From handling member engagement to planning your next event, committees play an essential role in the operation of associations. However, finding volunteers and keeping them committed can often be the biggest obstacle to success. While some organizations may opt to appoint committee members, this can impact your diversity efforts and prevent new members or young professionals from getting involved.
So how can you boost committee engagement? Here are four strategies to try in your organization.
While association committees are largely volunteer-based, your organization should still be putting thought into how they find those volunteers and who they put on committees, mainly because their work impacts your members. Building and improving committee engagement starts by finding members that understand their undertaking.
You should have well-thought-out descriptions for the roles that include as much information as possible. Things like “how often the group meets, what types of projects they're working on and how time-consuming they're going to be,” says Merrill Green, Member Engagement Manager for the Emergency Nurses Association.
Additionally, you want to be sure your committee members have the skillset required for specific projects. For example, if the committee is tasked with running editorial for the organization, you may want to ask for writing samples or even a quick editing test. The point is, you want members who will connect with the work they're doing to help make engagement a much easier process.
Association leaders may be concerned that adding specifics and requirements to a committee role description can become a barrier for members.

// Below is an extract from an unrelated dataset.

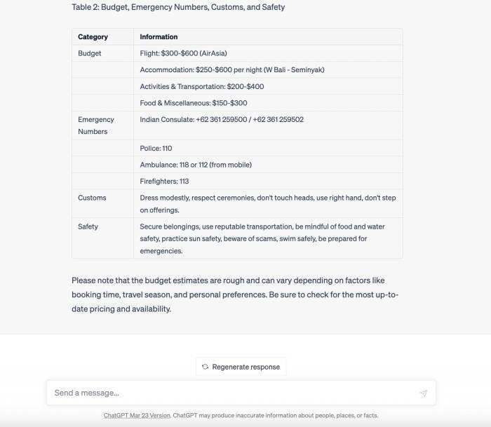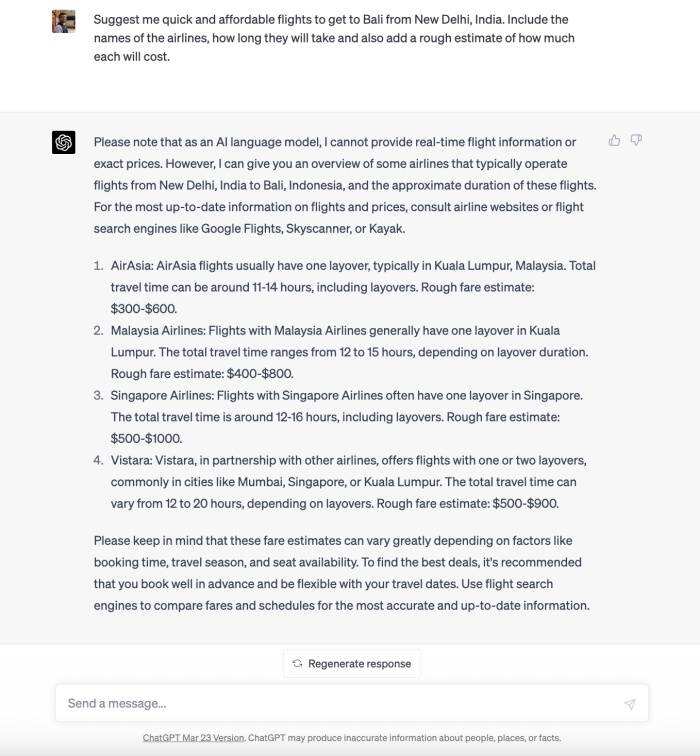 正如我提到的,ChatGPT已经声明它不能提供实时航班信息。但是,它仍然给出了一个价格估计和一些流行的航班选择。我再次检查了从DEL(德里)到DPS(巴厘岛)的建议航空公司的航班价格,同样,它是非常准确的。

And depending on the verbiage you use, it can be.
Luckily, there are a few ways to solve this.
Not only should you have a range of committee roles that work for all experience levels, but you should also be clear on skills that are must-haves and nice to have. Similarly, if you want association newcomers or young professionals to join committees, spend time reaching out to those audiences.
Now that you’ve found that ideal candidate for your committee, you want to start them off on the right foot. Most associations will have a contact for committee members – whether a staffer or someone on the board of directors. So, one of the first places to start onboarding is with a welcome letter.
Personify shares a few key points you should be adding to your email or letter, including:
Outside of your welcome letter, you should also provide an orientation for new committee members. What is the overarching plan for the association? What are some key member data points they should know? How can their involvement in the committee have an impact?
Boosting committee engagement means ensuring those volunteers are invested in their roles, understand their impact and feel connected and appreciated by the organization.
Just like intentionality with role descriptions can help boost committee engagement, so can goals. When forming a committee, you should have a solid understanding of why the committee is being created and use goal setting to ensure your organization is growing.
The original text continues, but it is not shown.